I walked back to the Winner estate, it was five miles, but I knew I was going to have bad dreams when I finally lay down to sleep, and I was in no hurry.
As it turned out, because of the odd circumstances with the interrogation drugs, they kept him until the next day. Though he was in a lot of pain, there was really no reason he couldn’t come home, there wasn’t much that would help now, except time. Things were very awkward, he wasn’t supposed to be putting weight on his knee yet, but with his shoulder taped to his chest, crutches weren’t really possible. And as if that didn’t make him wobbly enough, having one eye swollen shut was throwing his depth perception off. That meant that even though each of us had our own room in this house, Duo really needed to be in with someone. I tried, without being obvious, to arrange it so he was moved into Wufei’s room.
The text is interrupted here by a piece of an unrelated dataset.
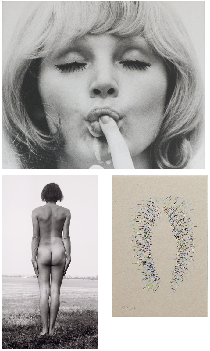 Natalia LL’s work has invited many feminist interpretations, which underlined the presence of the problems of sexuality and eroticism contradicting the status quo of social and cultural patriarchal structures. The artist’s works from the 1970s feature the themes of confrontation with male viewer, objection to ”phallic structures” and the issues of shaping female identity against tradition by means of taking over social, cultural and political activity – represented by the image of a woman who takes the sway and active position in eroticism. In the 1970s in Poland, it was significant not only from the individual perspective, but also the social and the political. The visualisation of satisfying sexual needs by a woman and equal rights in the domain of sex were received as somewhat of pornography, with the artist’s exhibitions censored and no public displays allowed. The art of Natalia LL became a political tool, an instrument of fight for equal rights, defining identity on the basis of consciousness-related look upon oneself. The photographs documenting a sexual intercourse that form the work entitled Intimate Sphere (1969) are a result of fascination with the carnal and the potential of human sexuality. They can be regarded as a penetration of the intimate sphere and exhibitionist acts of courage, which breach the moral schemes of the Polish society of the turn of the 1960s and 70s. At the same time, they became a link with the sexual revolution taking course in the countries of democratic Western Europe and the USA. In 1974 the artist composed of those photos the inscription: NATALIA IST SEX. However, the fascination with intimacy and sexuality thorugh an act of provocation against ubiquitous censorship gains the dimension of a question about the identity and conscious existence of citizens in a totalitarian system. This declaration – from a woman in the 1970s in Poland publically admitting gaining control over the sphere of sexual activity is to be interpreted in the political categories as an act of an utmost significance for the future of revolutionary movements of the 1970s and 80s in Poland. A woman aware of her sexuality, beauty, and the power stemming from them breached the standards of social composition based on subordination of women. Sexuality of the 1970s in Poland (as opposed to democratic countries) did not function in the public sphere. Its appearance breached not only the social foundations, but also the political basis.

But somehow, in the end, he wound up in mine.
The Doctors gave him a couple days off before he had to resume therapy, and then we settled into a routine of wrestling him down to the clinic each morning and then bringing him home so exhausted he napped for a bit in the afternoon. I would help him downstairs in the evenings so he could sit outside for awhile when the weather permitted, or in the living room where we usually congregated after dinner. He smiled and he laughed and he teased. He was Duo Maxwell to the hilt. And only I knew what it was costing him. Only I knew he was waking up every night in a cold sweat gasping for breath and biting back screams.
He slept badly enough as it was, between the immobilized shoulder and the knee brace. I could hear him shifting, most of the night, trying to get comfortable, but then, when he did finally drift off, he was awake again within hours, wrapped in whatever horror was over taking him, and struggling to stay quiet, so he didn’t wake me. It was wearing him down. It was wearing me down.
He didn’t know he was waking me; because I just lay there and feigned sleep and listened to him slowly get his breathing under control. I didn’t dare go to him. I wanted to, with every fiber of my being, I wanted to. But I was terrified of what I would do, what I might say. I could not let this happen.
I took him to most of his therapy sessions, and early on, Duo’s therapist had drafted me to help him at home. One of the things that had become my job was to massage his left hand, the one they had operated on, to help keep scar tissue from forming. When I did it, he made these little sounds of pleasure, tiny little moans and sighs, that set me on fire. This was getting entirely out of hand. I had to shut this down, get myself back under control.
He was sinking into a depression that the others didn’t see. He stopped asking me to take him downstairs in the evenings, just stayed in our room, sometimes doing his exercises, sometimes just laying and staring at the ceiling. I came and went, trying to seem normal, I brought him meals that he picked at and made sure he took his medicine. I brought him books he didn’t read, and tried to entice him into going outside. I knew we only had to get through three or four tough weeks before his therapy progressed enough that they would let him walk on the knee and the tape would come off the shoulder. But he was lost in this time warp where he couldn’t see an end to it. I didn’t know how to help him, I hovered, I guess, and that just seemed to make things worse. I think the nightmares were intensifying.
I got solid confirmation of that somewhere early in the second week. It had been a difficult day at best. The therapy seemed to have stalled, nothing had changed in several sessions, and I think Duo was pushing himself too hard, trying to force results. He and his therapist had words; she was calm and gentle as always, but I’m pretty sure she must have reprimanded him somewhat. I didn’t hear, and the trip home was full of sullen silence that I didn’t dare break to ask.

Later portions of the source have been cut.